As sometimes happens when ideas are loosed from their moorings and allowed to drift together in the stream of consciousness, a recent pair of letters from the Mercury News opinion pages (10/29 and 10/30) have, together, provided insights on their respective subjects that neither could provide in isolation.

The first letter concerns the efforts of the LSI Logic Corporation to oust the Granada Islamic School from their current location in the industrial area next to an LSI manufacturing facility. Why is LSI fighting so hard against this school when the risks, according to the environmental impact study, seem so small and the support so strong? Certainly there are better ways to spend what little public regard remains for corporate America than in opposing a popular and socially beneficial neighbor.

The immediate liability exposure LSI faces in the event of an industrial accident is, of course, the most obvious reason: eliminating potential victims eliminates potential claims; and, even if they lose in the end, their strenuous and well-publicized efforts to prevent the school from operating may mitigate any claims that do arise. It is also a reasonable bet that the presence of a school next-door will make it more difficult to obtain permits for expanding their operations in the future, especially if those expansions involve new or larger hazards.

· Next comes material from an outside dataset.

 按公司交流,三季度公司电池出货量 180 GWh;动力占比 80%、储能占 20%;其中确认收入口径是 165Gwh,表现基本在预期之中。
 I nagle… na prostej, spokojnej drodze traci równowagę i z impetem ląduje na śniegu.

It may even be — despite the popular image of “evil corporations” so often depicted in popular culture — that the managers of LSI are actually decent people, concerned about the possibility that a large number of children could be injured by an accident involving toxic chemicals.

But behind all this is another, less easily articulated but equally compelling, reason for their concern.

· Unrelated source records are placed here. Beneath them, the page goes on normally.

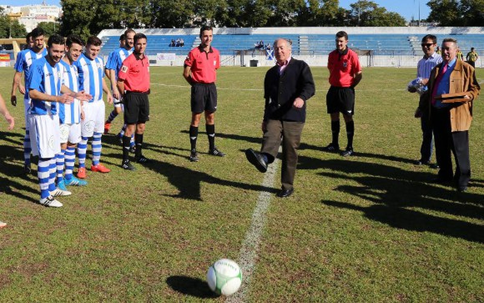 Manuel Fernández Osorio recibió el pasado viernes en la Gala de la Federación Andaluza celebrada en Cádiz el homenaje del fútbol provincial por su trayectoria en el mundo del fútbol (fue el primer jerezano internacional con España) y ayer recibió también el calor del industrialismo realizando el saque de honor en el partido contra el Bazán.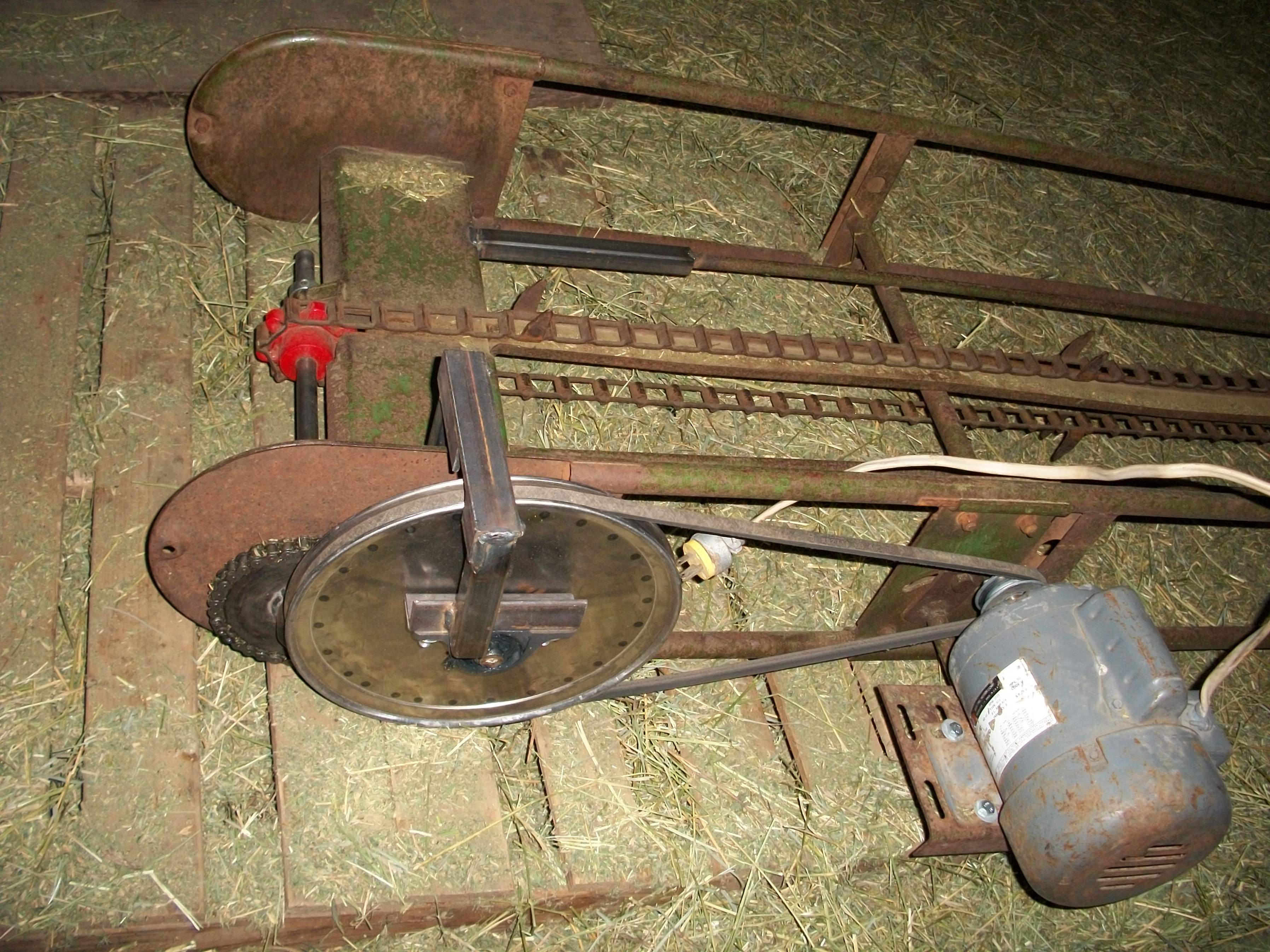 Here is what I ended up with. I found a 1/2 HP electric motor with a pulley on it for $20. I used a 12" weld-a-pulley, they were way cheaper then a cast pulley plus I able to use my Miller 211 MIG welder on it. I found an old belt hanging up in my barn and used it.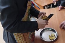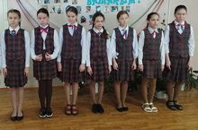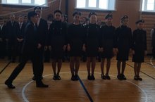 На классном часу проводился смотр строя и песни между учащимися 2-11 классов.Дети очень хорошо подготовились и тщательно продумали костюмы.В результате 9 классы получили I, 11 и 7 классы - II и 5 классы получили III места.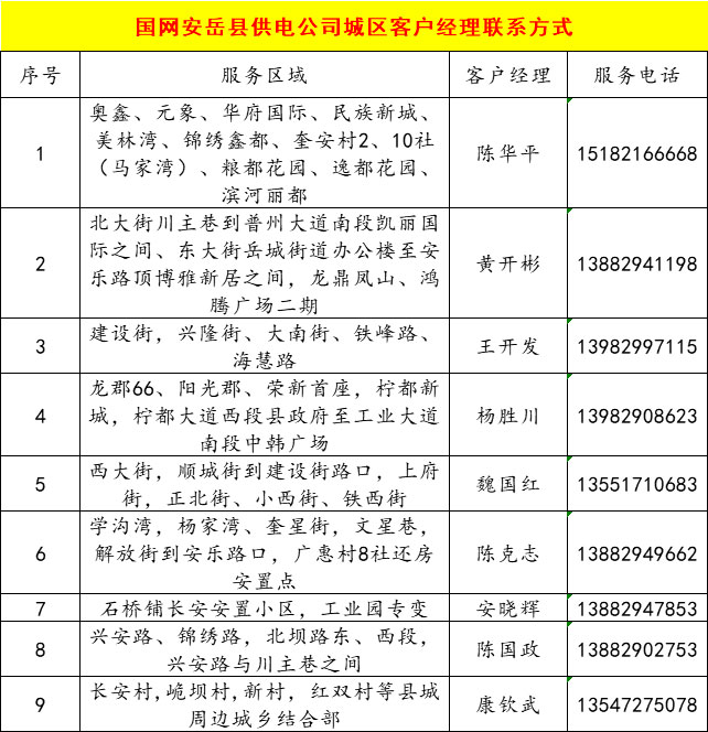 服务就在身边 资阳供电公司公布城区客户经理电话

Which brings us to the subject of the second letter: the Reid-Hillview airport.

It seems the Santa Clara Board of Supervisors is again performing their annual ritual of trying to close down Reid-Hillview. That is not really news but the history of this saga is illustrative. In the beginning, Reid-Hillview was an airport in the middle of orchards and fields. There was no problem of public safety, because there was no one and nothing close enough to the airport to be at risk. In effect, the area was “zoned” for airports. Then the building boom hit the Valley and buildable land became scarce; developers discovered that the area around Reid-Hillview was prime real-estate. Santa Clara County and San Jose concurred, allowing homes, and then a shopping center, to be built along the approaches to the airport. All this was, of course, vigorously opposed by those interested in the airport as an operating airfield but the risk assessments said there was no problem. Many people were willing to buy the houses (at a reduced price, because they were, after all, neighbors to an airport), and the developers prevailed. People knew the airport was next-door, and were willing to live and shop there anyway — what was the big deal?

Twenty years later, after a small number of inconsequential-but-well-publicized accidents, Reid-Hillview wages an annual battle for its very existence, victim of a new generation of shoppers and schoolchildren and homeowners and politicians who have found they can use the power of government to raise their property values (and a few votes) by decrying this public menace in their midst.

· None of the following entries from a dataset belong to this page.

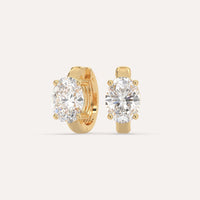 עגילי חישוק יהלומים סוליטר, משובצים 3 קראט יהלומים סה״כ בזהב צהוב 14K העגילים מגיעים בעיצוב קלאסי ונצחי המתאים לענידה יומיומית.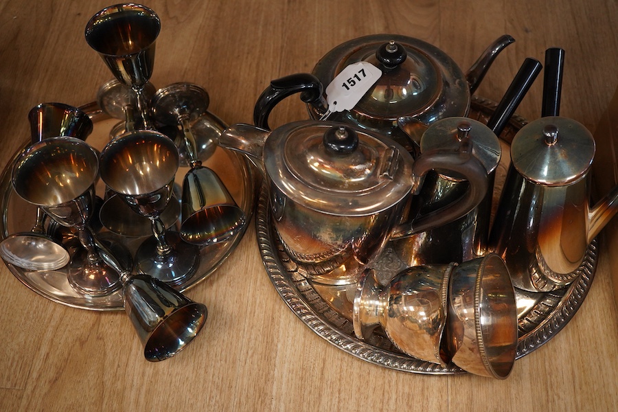 Lot 1517 , A collection of silver plate to include flatware, a set of goblets and a novelty glass and silver plated pot in the form of an apple
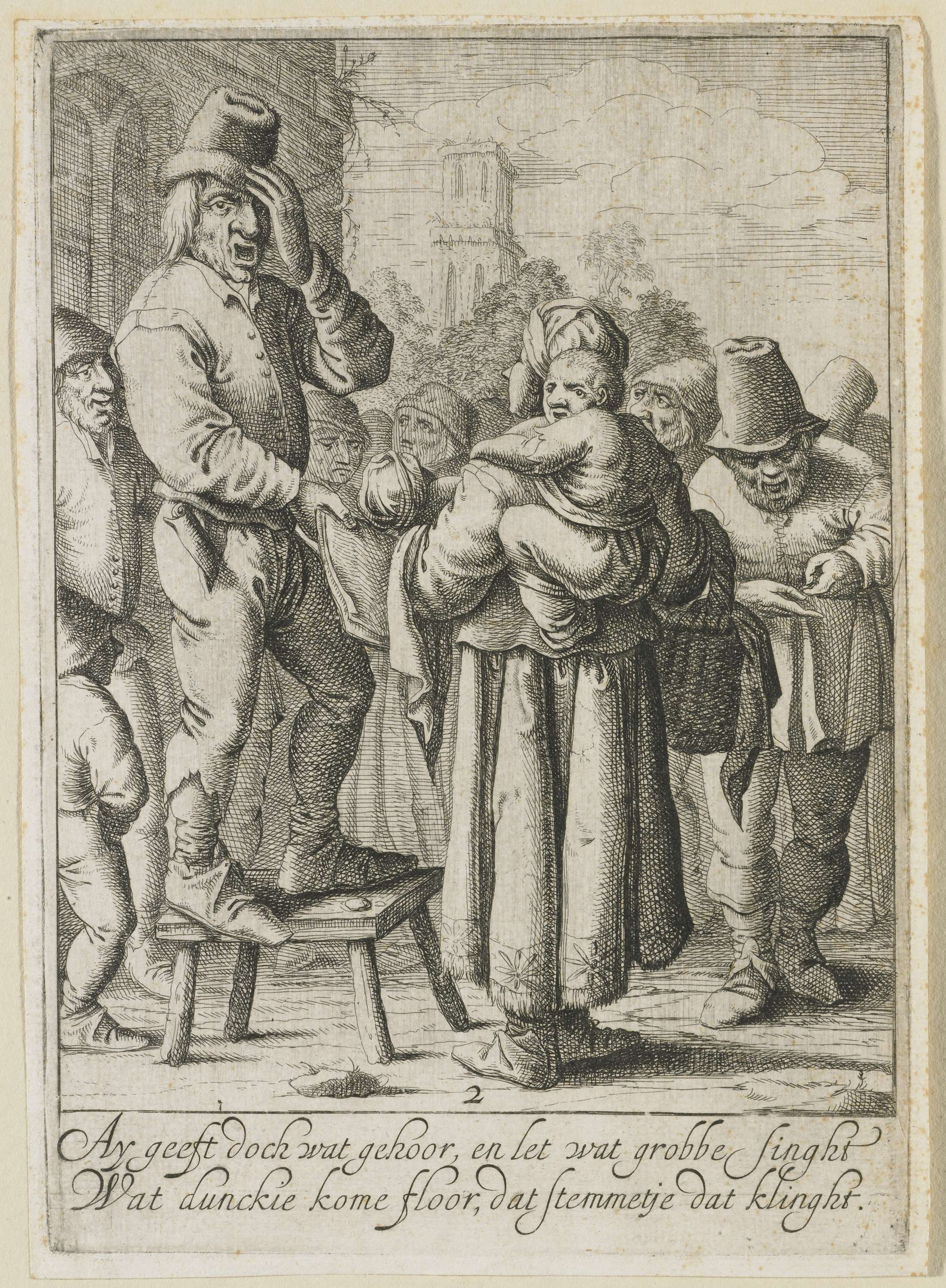 Een man staat op een kruk te zingen. Rondom hem staan toeschouwers. Onder de voorstelling een tweeregelig vers in het Nederlands. De prent maakt deel uit van een serie van vijf prenten met de vijf zintuigen.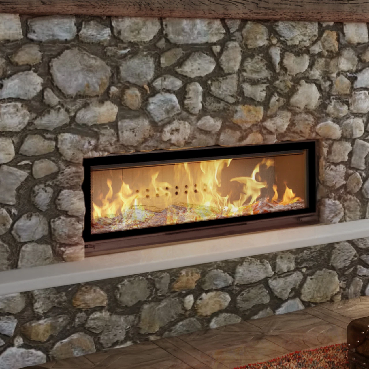 Der Kaminkorpus und die Vorderseite bestehen aus 4 mm dicken Stahlblechen und ermöglichen somit den Betrieb bei hohen Temperaturen

Even if all parties agree today that the risk of accidents at the LSI plant is small enough to allow non-industrial neighbors, like the Granada School, to coexist with it, who will guarantee that in five, or ten, or fifteen years the same spirit of “reasonableness” will prevail when a new generation of shoppers and schoolchildren (and homeowners?) and politicians suddenly discover this “public menace” in their midst and wage war on the “evil corporation” which is inflicting it upon them?

LSI has chosen to fight the battle now, rather than later. It is the good fight.